:: Exercise requirements ::
Pictures excluded, reproduce exactly the lines below from the one with "Références : M.-E." through the one with "26 December 2020: But", both included.

:: Available records ::
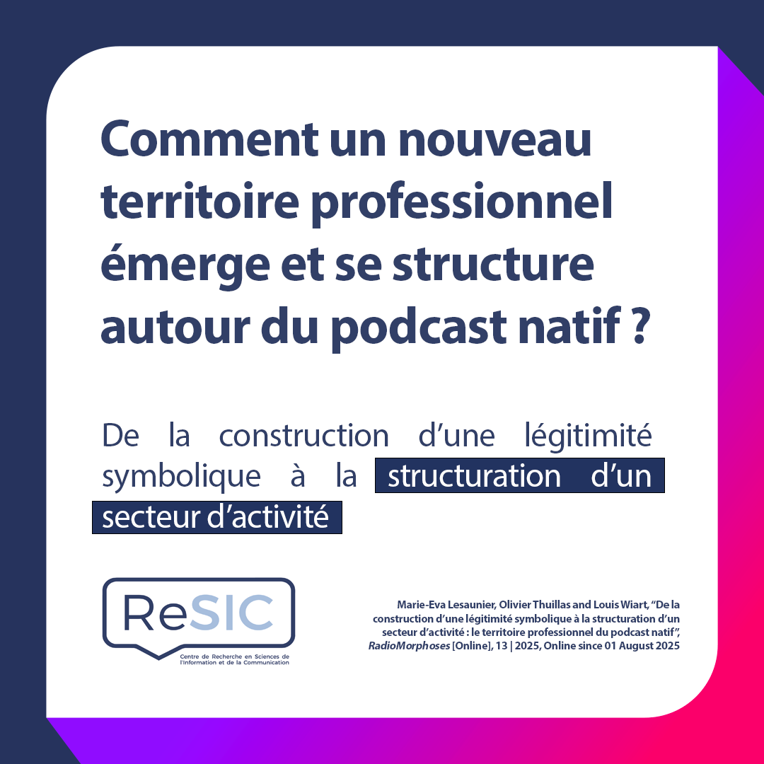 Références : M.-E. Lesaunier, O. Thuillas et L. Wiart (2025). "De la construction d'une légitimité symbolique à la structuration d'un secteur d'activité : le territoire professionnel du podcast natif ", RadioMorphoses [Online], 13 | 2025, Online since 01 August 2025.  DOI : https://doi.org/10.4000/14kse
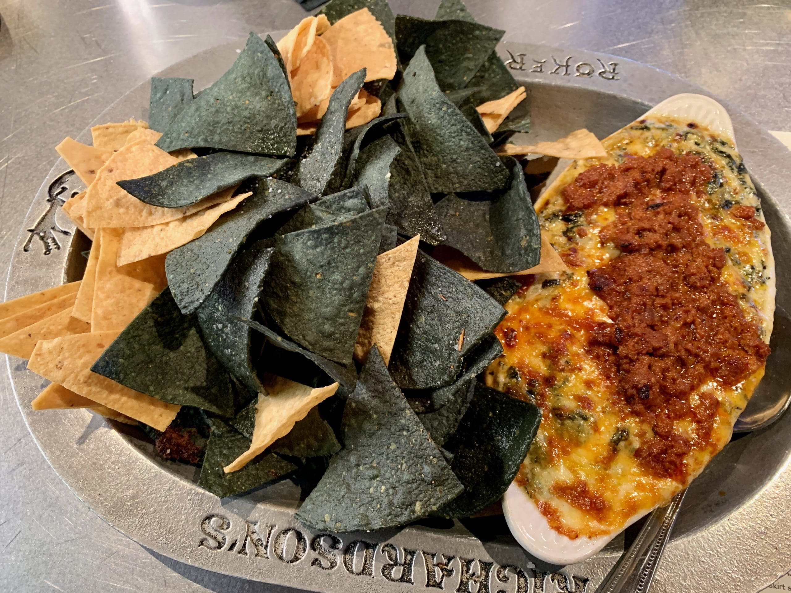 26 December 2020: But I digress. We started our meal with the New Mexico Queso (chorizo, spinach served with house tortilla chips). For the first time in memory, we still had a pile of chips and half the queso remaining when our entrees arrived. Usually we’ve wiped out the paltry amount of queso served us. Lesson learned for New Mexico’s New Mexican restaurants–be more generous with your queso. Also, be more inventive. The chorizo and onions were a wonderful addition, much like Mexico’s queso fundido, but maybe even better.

...

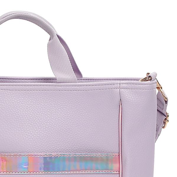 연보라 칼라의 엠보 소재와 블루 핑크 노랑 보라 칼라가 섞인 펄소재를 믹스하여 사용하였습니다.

:: Completed task ::
 Références : M.-E. Lesaunier, O. Thuillas et L. Wiart (2025). "De la construction d'une légitimité symbolique à la structuration d'un secteur d'activité : le territoire professionnel du podcast natif ", RadioMorphoses [Online], 13 | 2025, Online since 01 August 2025.  DOI : https://doi.org/10.4000/14kse
 26 December 2020: But I digress. We started our meal with the New Mexico Queso (chorizo, spinach served with house tortilla chips). For the first time in memory, we still had a pile of chips and half the queso remaining when our entrees arrived. Usually we’ve wiped out the paltry amount of queso served us. Lesson learned for New Mexico’s New Mexican restaurants–be more generous with your queso. Also, be more inventive. The chorizo and onions were a wonderful addition, much like Mexico’s queso fundido, but maybe even better.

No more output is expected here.